Configure Change Data Capture (CDC) for a SQL Source Collection
The Change Data Capture (CDC) feature in Data Fusion enables incremental data integration by automatically detecting and propagating changes from the source system to the Lakehouse.
Follow these steps to configure CDC on a SQL Source Collection in the Data Integration canvas.
Open Source Collection Properties
- In the Data Integration canvas, locate your SQL Source Collection node.
- Click the more options (⋯) menu on the node.
- Select Edit properties.
Enable Data Ingestion
- In the Edit Properties panel, select Load Data.
- This enables ingestion through a Data Integration pipeline.
- (The Virtual Table option provides read-only access and does not support CDC.)
Configure Change Data Capture (CDC)
Navigate to the Change Data Capture Configuration section.
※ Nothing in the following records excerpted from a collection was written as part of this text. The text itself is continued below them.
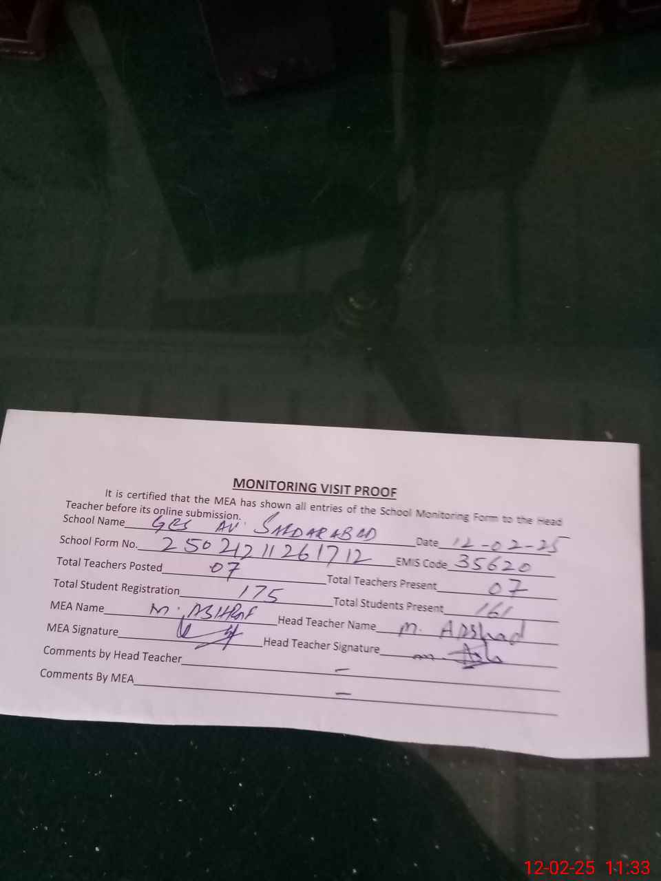 | Attendance Register | Head Teacher | MEA with School | Visit Proof |
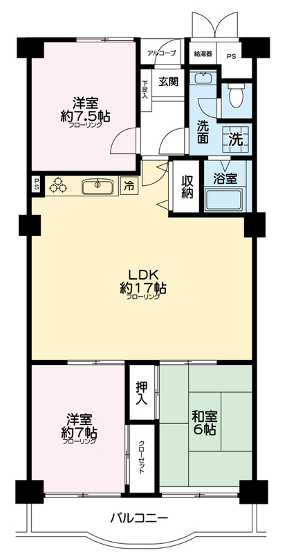 間取3LDK 面積壁芯 87.93㎡ 構造鉄筋コンクリート | 物件種目マンション 階建/階7階建/3階 築年月1981年10月29日(築44年5ヶ月) |
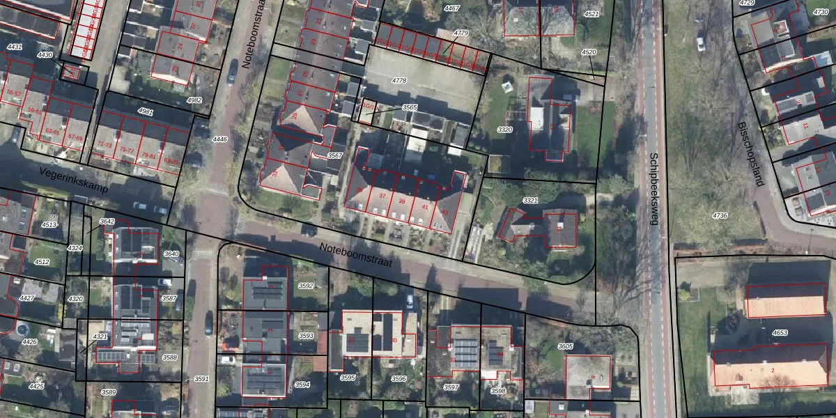 Noteboomstraat 41 is gelegen op kadastraal perceel BMN02A3567. Deze kadastrale aanduiding is uniek en wordt gebruikt door het Kadaster om eigendomsrechten en andere zakelijke rechten vast te leggen. Het perceel maakt onderdeel uit van de kadastrale gemeente Bathmen.
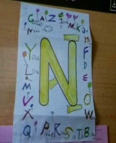 アルファベット絵画展は、アルファベットから思い浮かんだ絵を一人ずつ作りました。
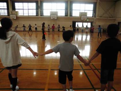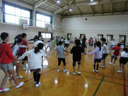 キャンプファイヤーの時に踊る「マイムマイム」を練習しました。みんなで手をつないで楽しかったです。
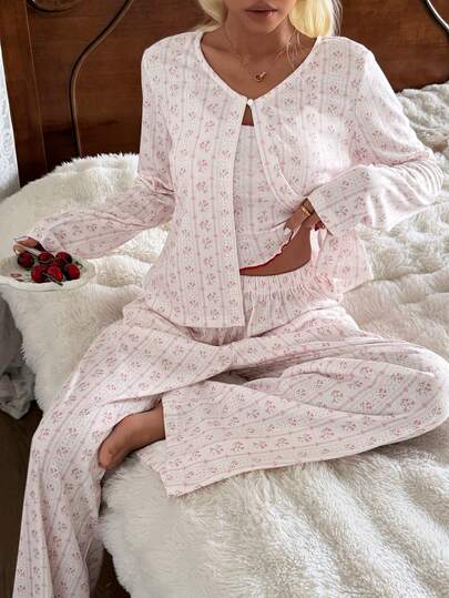 DAZY 3pcs/Set Ditsy Floral Contrast Trim Women Pajama Set - White - View 1
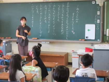 「クラスのいいところを見つけよう」は代表委員会が考えた企画です。1年生がクラスで話し合いをしていました。クラスのいいところをたくさん見つけられていました。代表委員も1年生もすてきな子どもたちです。
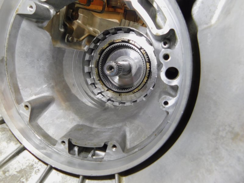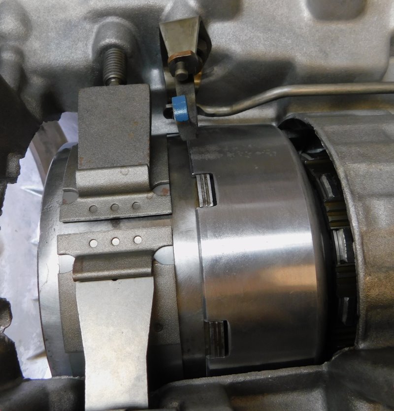 A big moment came when I was able to install the other two clutch / planetary assemblies. Everything slid together as it should! For the time being I assembled the intermediate band and tightened the adjustment enough to center the assembly in the transmission and hold it in to the rear planetary / clutch assembly.
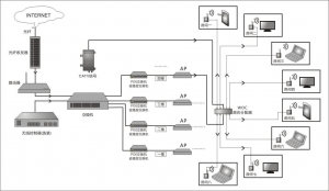每客房一台无线AP方式和一的图示类似,但AP点更多,每个房间针对性的做一个小功率AP。
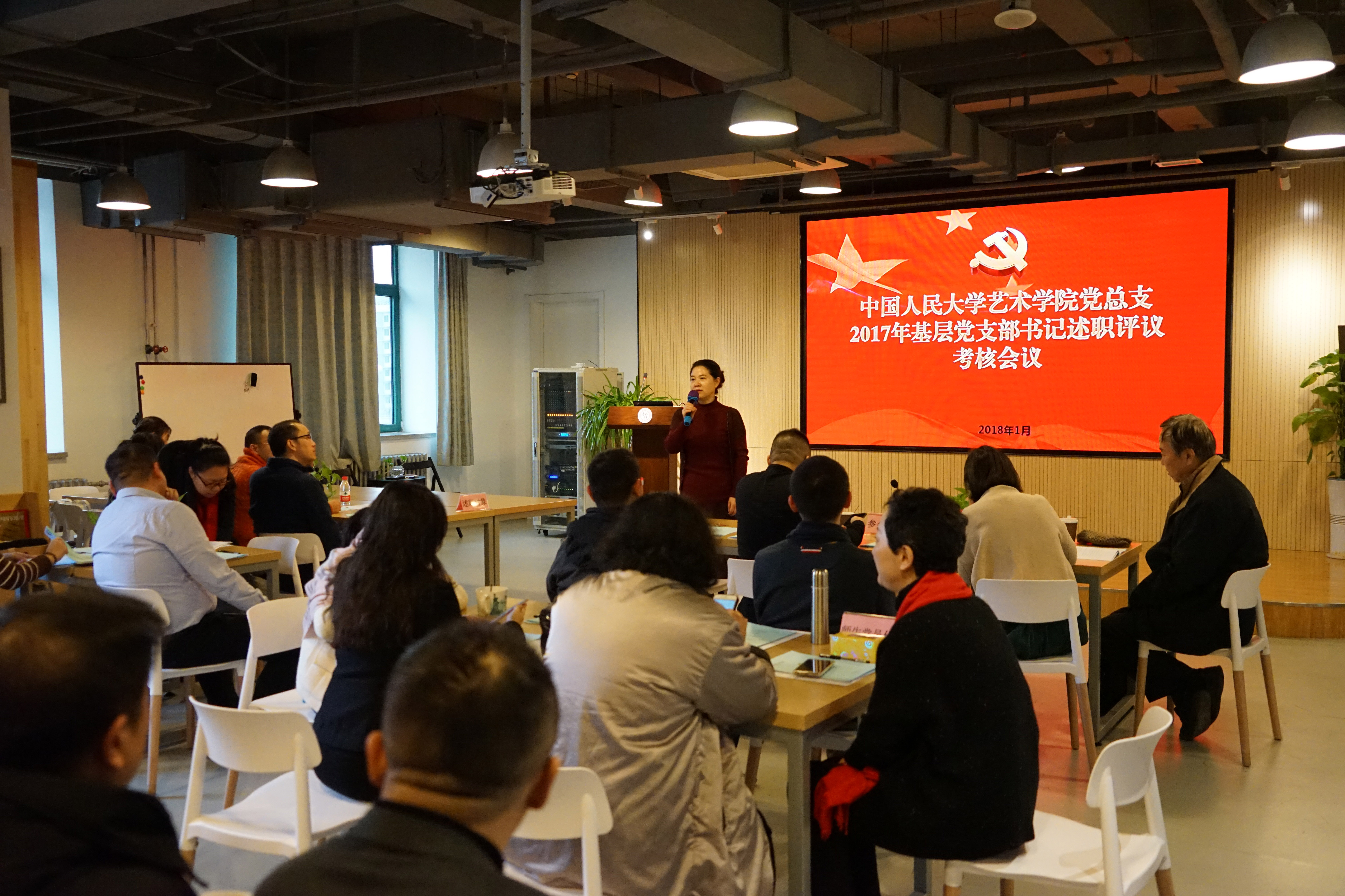 党总支书记王建就各支部书记的述职报告逐一进行了点评和总结。他指出,2017年各支部认真学习宣传贯彻党的十九大精神,深入推进“两学一做”学习教育常态化制度化,贯彻落实“三会一课”、“四个一”工程的基本组织生活制度,强化了师生党员的先锋模范作用,并且将艺术专业特色融入组织生活中,增强了党支部的吸引力和号召力。
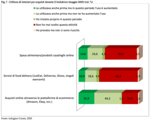 In sintesi, più di due terzi degli italiani maggiorenni hanno praticato l’e-commerce(probabilmente anche attraverso la collaborazione con i familiari maggiormente esperti nell’uso della rete), poco più del 40% si è fatto consegnare la spesa a domicilio e circa un terzo ha utilizzato servizi di food delivery. Quest’ultima modalità, in effetti, risente di una variabile di offerta, essendo questo tipo di servizio localizzato esclusivamente nei comuni con una certa soglia dimensionale.
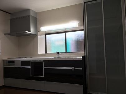以前はL型のキッチンでしたが、今回はレイアウトをガラリと変え、I型のキッチンを設置しました。食器棚もキッチンと並べて設置したので、スッキリとした空間に変わりました。
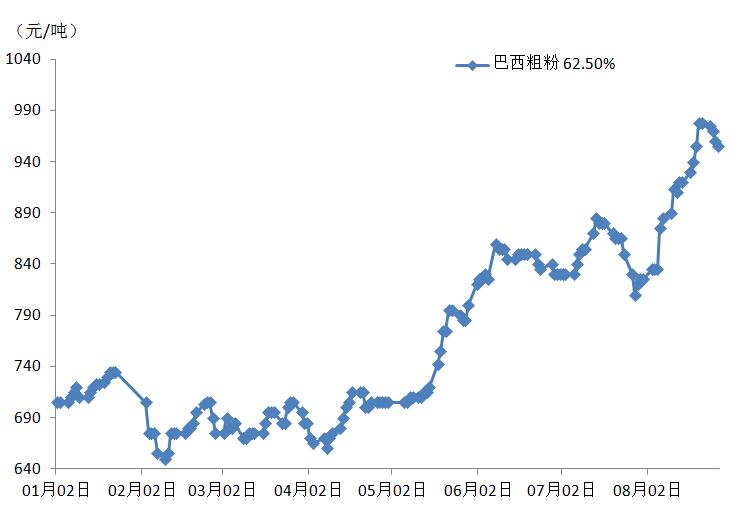 → 2020年1月-8月青岛港巴西粗粉价格走势图
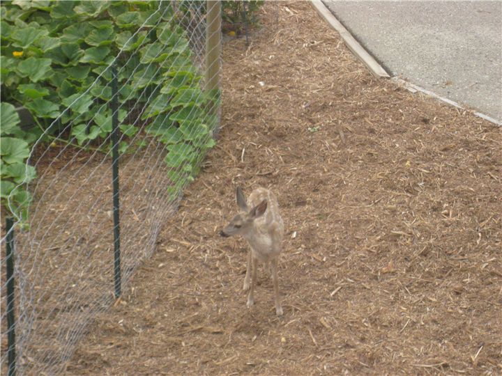 As we finished lunch I glanced at the garden and saw a brown blur on the far side of the fence. When I managed to get a better view, it was the one of the two fawns we had seen visiting before. While the mother was having a buffet lunch over at the dump pile, the little ones were exploring. This one went along the fence line poking its nose through where it could to trim any vegetation within reach. It turned the corner and continued up the driveway to where the fence turned again.

Under Order By Fields, specify one or more monotonically increasing fields:
- Select a column (typically a timestamp such as updated_at or last_modified)
- Choose the sort order (usually Ascending)
- Optionally, add an additional field (such as an ID) to ensure deterministic ordering
- Click + Add Field to include additional ordering columns if needed.
The selected fields must increase over time to ensure reliable incremental ingestion. If no suitable column is configured, CDC may result in missed updates, duplicates, or inconsistent ordering.
Configure Integration Schedule (Optional)
In the Integration schedule section, choose how the pipeline should run:
Manual
Run the pipeline only when triggered by the userOn Schedule
Configure a recurring schedule to automatically process new data
Save Configuration
Click Save to apply the CDC configuration to the Source Collection.
Run and Monitor the Pipeline
After configuring CDC:
- Trigger the pipeline using the Run (▶) button on the Source Collection node
- Use the options menu (⋯) to monitor execution:
- View run status
- View data integration status
- View run history
Result
Once configured, the pipeline retrieves only rows with ordering column values greater than the previous checkpoint during each run, enabling incremental ingestion.